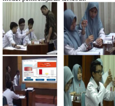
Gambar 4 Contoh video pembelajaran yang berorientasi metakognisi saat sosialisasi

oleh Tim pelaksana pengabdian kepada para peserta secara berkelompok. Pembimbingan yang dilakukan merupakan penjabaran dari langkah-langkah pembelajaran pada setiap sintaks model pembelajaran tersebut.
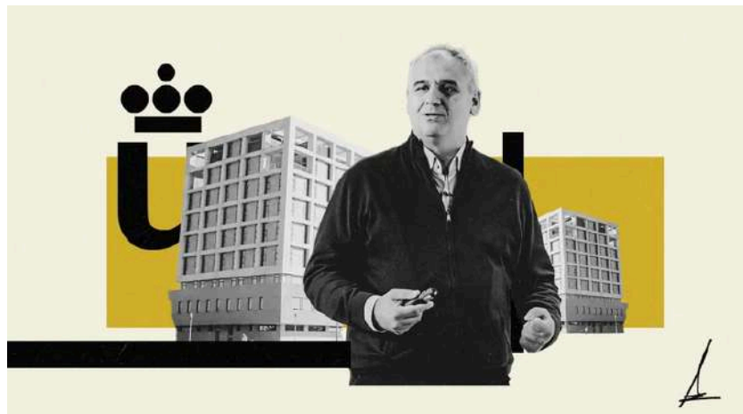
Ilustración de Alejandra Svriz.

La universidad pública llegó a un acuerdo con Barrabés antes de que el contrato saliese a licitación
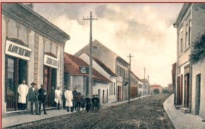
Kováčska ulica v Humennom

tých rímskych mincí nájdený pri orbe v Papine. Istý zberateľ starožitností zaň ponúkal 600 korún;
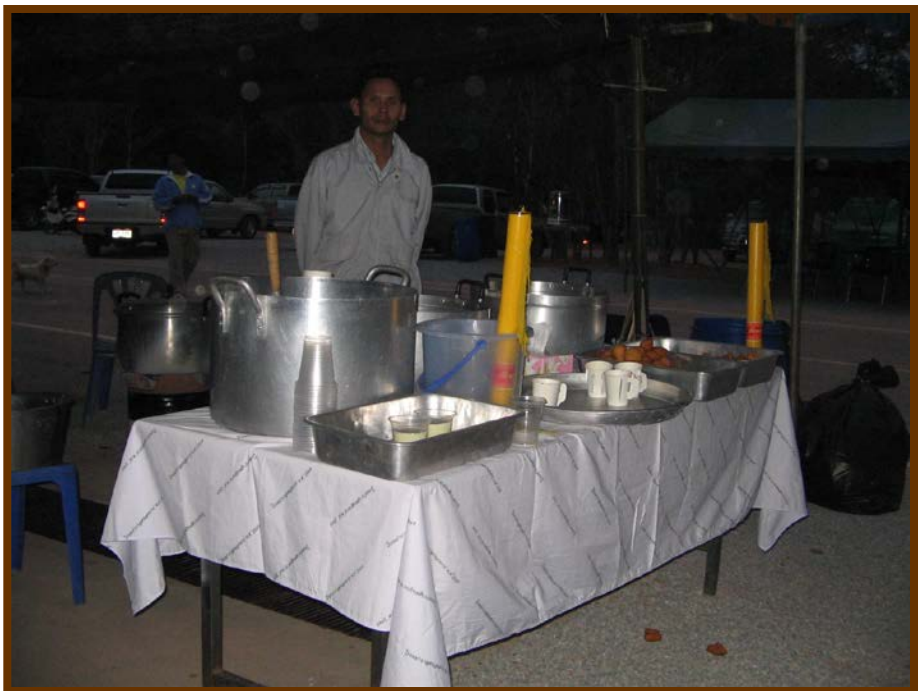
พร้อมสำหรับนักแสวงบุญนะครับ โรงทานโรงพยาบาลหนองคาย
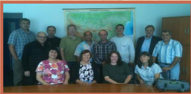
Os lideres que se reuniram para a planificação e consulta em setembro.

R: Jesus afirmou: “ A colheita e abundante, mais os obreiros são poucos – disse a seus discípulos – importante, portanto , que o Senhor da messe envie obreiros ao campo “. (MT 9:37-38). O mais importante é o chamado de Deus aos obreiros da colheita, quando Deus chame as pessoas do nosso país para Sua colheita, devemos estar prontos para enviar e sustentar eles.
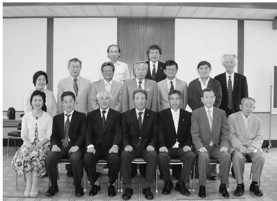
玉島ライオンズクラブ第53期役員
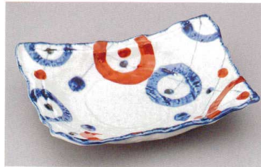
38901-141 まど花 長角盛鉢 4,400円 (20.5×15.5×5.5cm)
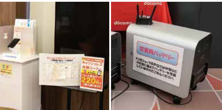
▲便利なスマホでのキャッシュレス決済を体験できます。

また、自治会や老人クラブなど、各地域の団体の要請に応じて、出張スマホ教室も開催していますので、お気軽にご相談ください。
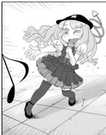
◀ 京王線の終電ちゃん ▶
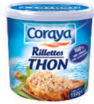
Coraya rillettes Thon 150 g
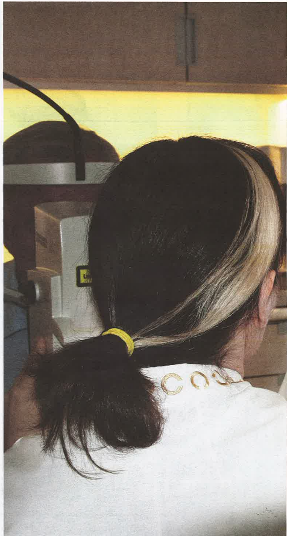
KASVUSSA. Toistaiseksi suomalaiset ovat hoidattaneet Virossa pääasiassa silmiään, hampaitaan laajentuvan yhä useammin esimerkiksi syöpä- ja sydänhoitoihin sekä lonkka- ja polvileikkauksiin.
-*-*-
PROBLEM => Return the entries verbatim without images.

RESPONSE TO THE TASK =>
Gambar 4 Contoh video pembelajaran yang berorientasi metakognisi saat sosialisasi

oleh Tim pelaksana pengabdian kepada para peserta secara berkelompok. Pembimbingan yang dilakukan merupakan penjabaran dari langkah-langkah pembelajaran pada setiap sintaks model pembelajaran tersebut.
Ilustración de Alejandra Svriz.

La universidad pública llegó a un acuerdo con Barrabés antes de que el contrato saliese a licitación
Kováčska ulica v Humennom

tých rímskych mincí nájdený pri orbe v Papine. Istý zberateľ starožitností zaň ponúkal 600 korún;
พร้อมสำหรับนักแสวงบุญนะครับ โรงทานโรงพยาบาลหนองคาย
Os lideres que se reuniram para a planificação e consulta em setembro.

R: Jesus afirmou: “ A colheita e abundante, mais os obreiros são poucos – disse a seus discípulos – importante, portanto , que o Senhor da messe envie obreiros ao campo “. (MT 9:37-38). O mais importante é o chamado de Deus aos obreiros da colheita, quando Deus chame as pessoas do nosso país para Sua colheita, devemos estar prontos para enviar e sustentar eles.
玉島ライオンズクラブ第53期役員
38901-141 まど花 長角盛鉢 4,400円 (20.5×15.5×5.5cm)
▲便利なスマホでのキャッシュレス決済を体験できます。

また、自治会や老人クラブなど、各地域の団体の要請に応じて、出張スマホ教室も開催していますので、お気軽にご相談ください。
◀ 京王線の終電ちゃん ▶
Coraya rillettes Thon 150 g
KASVUSSA. Toistaiseksi suomalaiset ovat hoidattaneet Virossa pääasiassa silmiään, hampaitaan laajentuvan yhä useammin esimerkiksi syöpä- ja sydänhoitoihin sekä lonkka- ja polvileikkauksiin.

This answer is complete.